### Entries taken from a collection
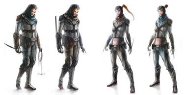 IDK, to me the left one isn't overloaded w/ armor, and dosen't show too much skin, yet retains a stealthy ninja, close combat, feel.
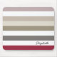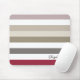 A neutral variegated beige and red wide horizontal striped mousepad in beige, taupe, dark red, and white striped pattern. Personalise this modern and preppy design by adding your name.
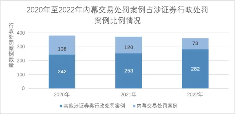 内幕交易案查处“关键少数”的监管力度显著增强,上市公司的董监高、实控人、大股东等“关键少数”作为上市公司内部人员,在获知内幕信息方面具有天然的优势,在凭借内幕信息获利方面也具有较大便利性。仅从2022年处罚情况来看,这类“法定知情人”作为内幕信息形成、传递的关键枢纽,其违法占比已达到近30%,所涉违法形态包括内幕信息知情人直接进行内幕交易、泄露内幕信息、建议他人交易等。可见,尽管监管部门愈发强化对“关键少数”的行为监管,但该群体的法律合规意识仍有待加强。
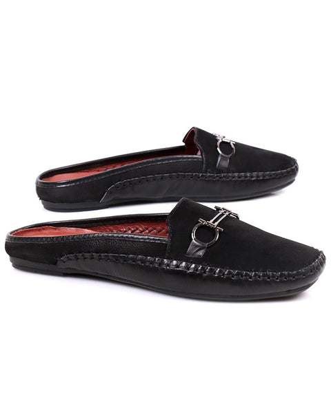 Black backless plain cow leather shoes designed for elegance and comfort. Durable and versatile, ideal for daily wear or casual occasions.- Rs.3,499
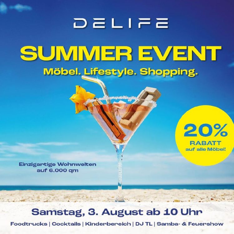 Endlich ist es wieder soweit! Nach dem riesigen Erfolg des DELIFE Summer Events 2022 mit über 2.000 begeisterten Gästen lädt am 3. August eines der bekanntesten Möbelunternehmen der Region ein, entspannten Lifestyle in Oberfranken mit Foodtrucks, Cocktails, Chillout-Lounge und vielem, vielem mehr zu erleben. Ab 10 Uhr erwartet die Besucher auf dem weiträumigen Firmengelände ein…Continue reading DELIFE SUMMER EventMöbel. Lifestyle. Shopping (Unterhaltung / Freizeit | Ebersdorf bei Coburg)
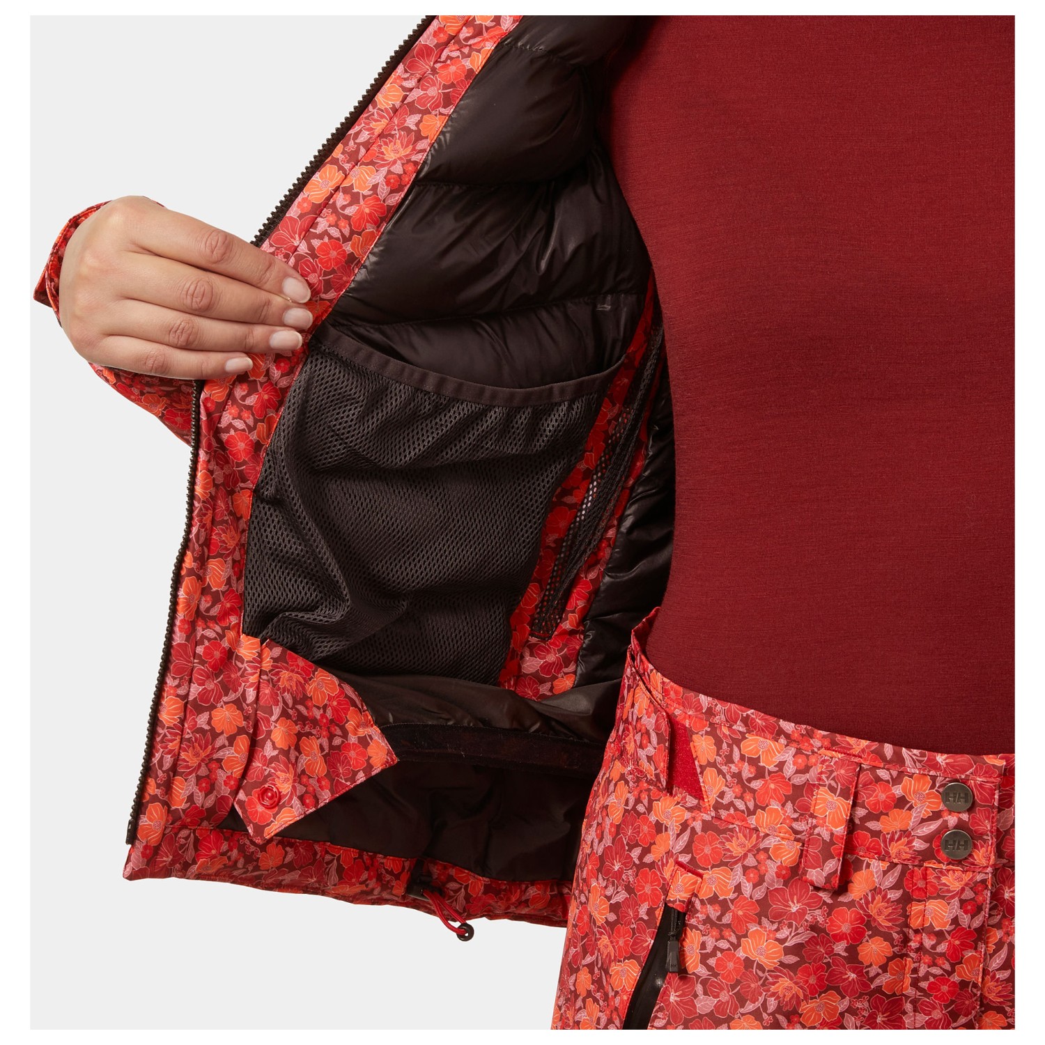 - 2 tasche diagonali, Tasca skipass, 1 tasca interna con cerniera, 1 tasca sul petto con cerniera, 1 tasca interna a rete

### Task
Set down exactly the lines running from the beginning of the entries above to the line that contains "A neutral variegated", including both, and leave out pictures.

### Answer to this exercise
 IDK, to me the left one isn't overloaded w/ armor, and dosen't show too much skin, yet retains a stealthy ninja, close combat, feel.
 A neutral variegated beige and red wide horizontal striped mousepad in beige, taupe, dark red, and white striped pattern. Personalise this modern and preppy design by adding your name.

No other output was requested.